Optionally, each of the state instances is further configured for updating a value of the DSL attribute in the corresponding control instance; the update unit is configured for: invoking the state instance corresponding to the target control instance to update the DSL data in the target control instance according to the control update data.

Optionally, the update unit is further configured for: obtaining the control update data according to a local event execution result; and/or obtaining the control update data sent by an external device.

Optionally, a root node of the control tree structure includes a notification center control instance; where the notification center control instance is configured for: in response to receiving a control interaction event, sending information of an interacted control instance to an event parsing processing module, and triggering the event parsing processing module to execute a corresponding operation event and obtain an event execution result; the event parsing processing module includes a set of correspondences between information of the control instances and operation events.

Optionally, the control update data is generated by: obtaining attribute update information of a to-be-updated control; and converting, based on a preset DSL conversion module, the attribute update information into the control update data in a DSL form.

Optionally, the DSL file is generated by: obtaining configuration information of the target page, where the configuration information includes information of the control tree structure; and converting, based on a preset DSL conversion module, the configuration information into the DSL file.

Optionally, the DSL file includes at least one of control information, event binding information, or data binding information describing the control tree structure; the parsing unit is further configured for: executing initialization to generate a data parsing processing module, an event parsing processing module, and a page generation module; saving the event binding information in the DSL file into the event parsing processing module; saving the data binding information in the DSL file into the data parsing processing module; saving the control information in the DSL file into the page generation module; and invoking the page generation module, to parse the control information and create the control tree structure including the control instances.

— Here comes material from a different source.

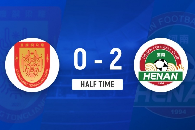 伤停补时4分钟。上半场比赛结束,重庆铜梁龙0-2河南。

Optionally, the parsing unit is configured for: executing an initialization event for the target page; determining a to-be-updated initial control instance and updating DSL data in the determined initial control instance according to a result of executing the initialization event; and executing the rendering function in each of the control instances in the control tree structure to render corresponding controls and obtain the target page.

Optionally, the rendering function includes a construction function; and the parsing unit is configured for: in a process of creating the control tree structure, executing the construction function in each of the control instances included in the control tree structure, to render corresponding controls and obtain the target page.

Optionally, the parsing unit is further configured for: executing an initialization event for the target page; determining a to-be-updated initial control instance and updating DSL data in the determined initial control instance according to a result of executing the initialization event; and executing the rendering function in the updated initial control instance to update and render a corresponding control in the target page.

Optionally, for each control type, the DSL parsing module includes: a DSL control parsing sub-module corresponding to the each control type; the DSL control parsing sub-module is configured for: creating a corresponding control instance by parsing DSL data describing a control instance of the control type; the parsing unit is configured for: for DSL data describing a control instance of a target control type in the obtained DSL file, invoking a DSL control parsing sub-module corresponding to the target control type in the preset DSL parsing module to parse the DSL data.

Optionally, for each control type, the DSL conversion module includes: a DSL control conversion sub-module corresponding to the each control type; the DSL control conversion sub-module is configured for converting codes for a control instance of the control type into DSL data describing the control instance of the control type.

According to a fifth aspect of embodiments of the present disclosure, another page rendering apparatus is provided. The page rendering apparatus is applied to a development end and includes: a configuration unit, configured for obtaining configuration information of a target page, where the configuration information includes information of a control tree structure; and a conversion unit, configured for converting the configuration information into a domain-specific-language (DSL) file describing the target page based on a preset DSL conversion module; where a result of parsing the DSL file is configured for creating the control tree structure including one or more control instances; and the created control tree structure is configured for rendering the target page. Where each of the control instances in the control tree structure includes: a rendering function and a DSL attribute; for each control instance of the control instances in the control tree structure, a value of the DSL attribute of the each control instance includes DSL data describing the each control instance, and the rendering function of the each control instance is configured for rendering a corresponding control according to a current attribute value of the each control instance which is determined from the DSL data within a current value of the DSL attribute of the each control instance.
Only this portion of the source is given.